In 1974, the Duxtad family partially disassembled their 130-year old log farmhouse and began moving the entire structure fourteen miles south to be reassembled on a concrete slab next to the museum. By 1976, the entire two-story cabin had been restored and completely enclosed by an extension of the museum's building. Today the first floor of the farmhouse helps demonstrate the tools and artifacts of 1840s pioneer life in Northern Illinois while the second story helps to familiarize young children with concepts of the family farm.

=== Judy Ford exhibit ===
In 1968, local Belvidere beauty Judy Ford competed for Miss Illinois and was eventually selected 1969 Miss America in the national pageant. The museum hosts a number of unique artifacts of Ford's competition and reign, including a short film of her talent competition entry which features Bert Parks serenading Ford with There She Is, Miss America as she wore her crown for the first time.

=== Vehicles ===
In the collection are several rare conveyances, including horse-drawn brougham and hearse carriages. A 1904 Eldredge Runabout manufactured in Belvidere by the National Sewing Machine Company occupies a prominent place in the museum's foyer opposite an ivory 1965 Plymouth Fury II, the first chassis to come off the production line at the Belvidere Assembly Plant, an early donation to the museum by Chrysler.

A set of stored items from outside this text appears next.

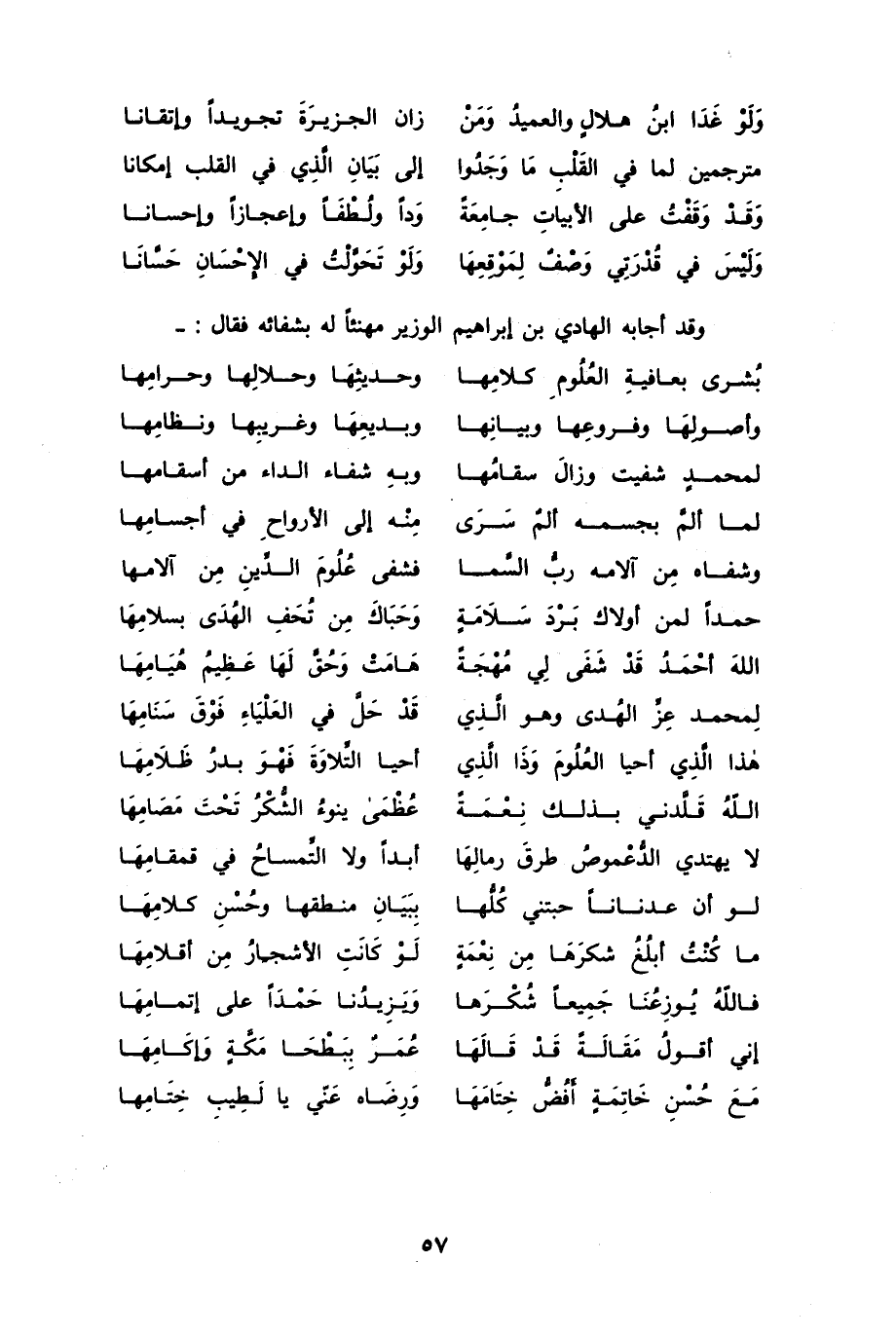 وقد أجابه الهادي بن إبراهيم الوزير مهنئاً له بشفائه فقال: -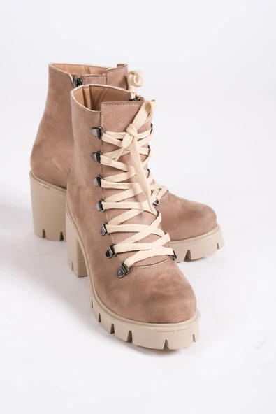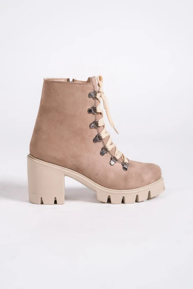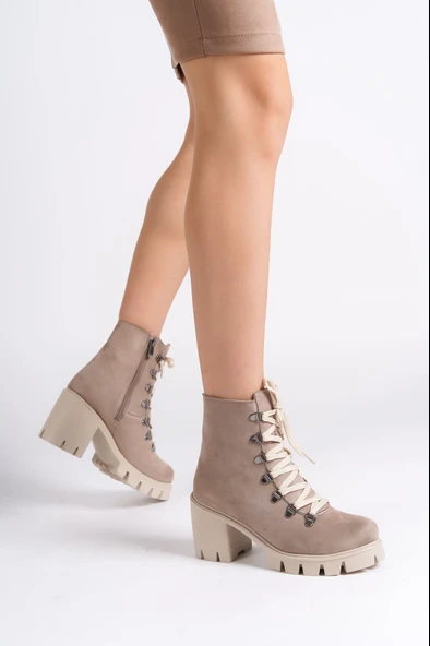 EMMA Bağcıklı Fermuarlı Ortopedik Taban Topuklu Süet Kadın Bot STT - Ten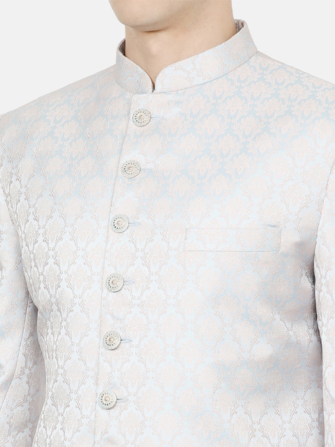 Grey Printed Blazer, has long sleeves, button closure
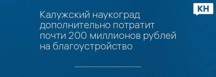 Калужский наукоград дополнительно потратит почти 200 миллионов рублей на благоустройство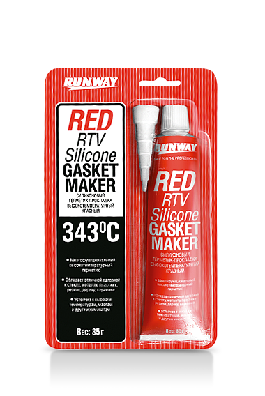 Высокотемпературный силиконовый герметик-прокладка RUNWAY предназначен для быстрого ремонта узлов и агрегатов, работающих в условиях повышенных температур и постоянном контакте со смазочными материалами. Используется для клапанной крышки двигателя, водяной помпы, термостата, дверей и крышки багажника, трубопроводов, глушителя. Герметик прокладка заполняет мельчайшие трещины, обладает хорошей адгезией, эластичностью и упругостью. Герметик устойчив к воздействию атмосферных осадков и химикатов, не подвергается коррозии. Диапазон рабочих температур от -62 до +343°Способы получения заказа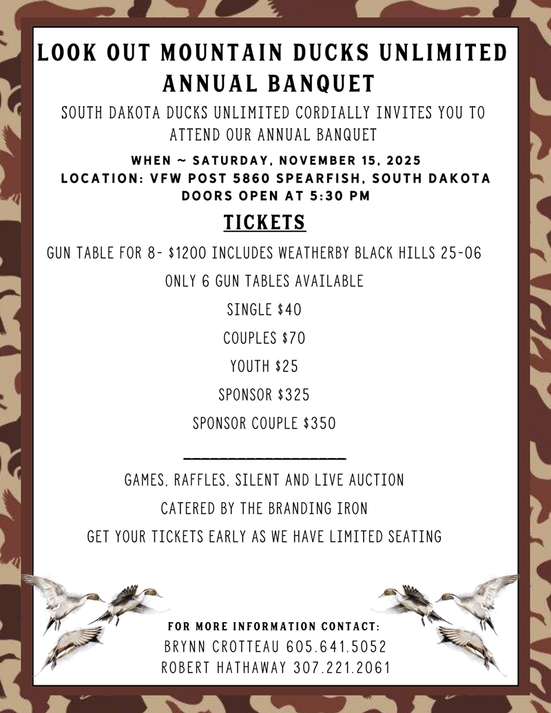 Lookout Mountain Ducks Unlimited is coming to Spearfish on November 15th! At the VFW Post 5860 Please join us for a fun and exciting banquet! We will have games, raffles, silent auction all capped with a great live auction!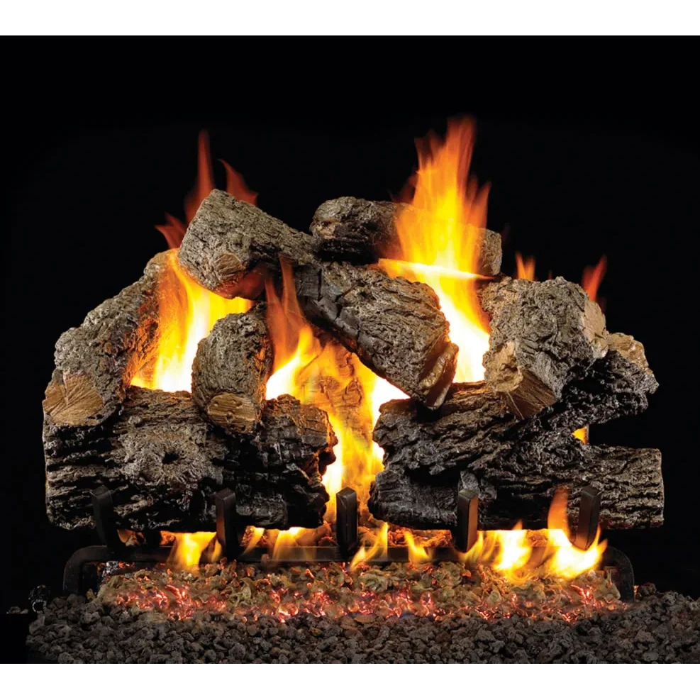 The Real Fyre 18" Charred Royal English Oak vented gas log set is made from superior refractory ceramics that ensure the logs retain their strength at high temperatures. The G45 burner system burns efficiently while protecting natural resources and reducing pollution. The high definition bark and natural colors create an authentic wood look. Enjoy radiant heat while in operation and after set has been turned off. We also offer Vented Gas Log Accessories to enhance the look of your fireplace.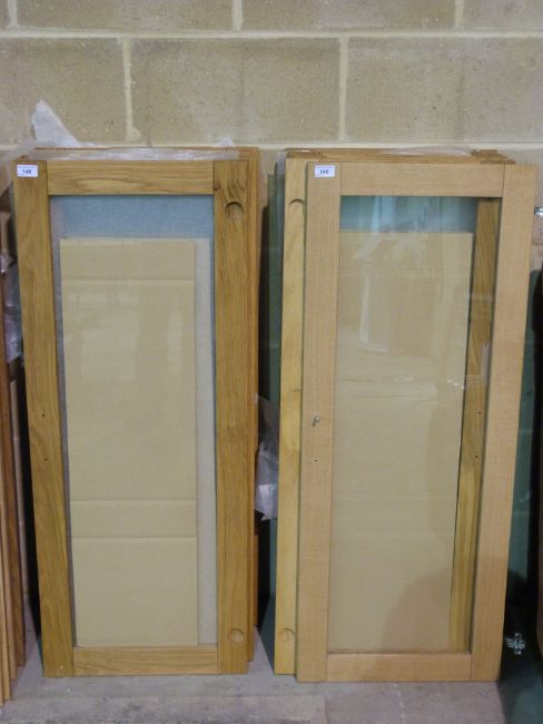 Twenty solid oak glazed doors suitable for display cabinets, kitchens etc (each door approx 122cm x 44.5cm)

A 1924 Ford Model T convertible occupies a space next to an example of the penny-farthing, the first bicycle.

== Funderburg House ==
In 2020, the Funderburg House, an historic 1906 Belvidere mansion, was donated by K-B Farms. Since the donation, the society has spent time and expertise restoring the donated property as museum and meeting space, officially opening the facility in early 2022 after a preview in December.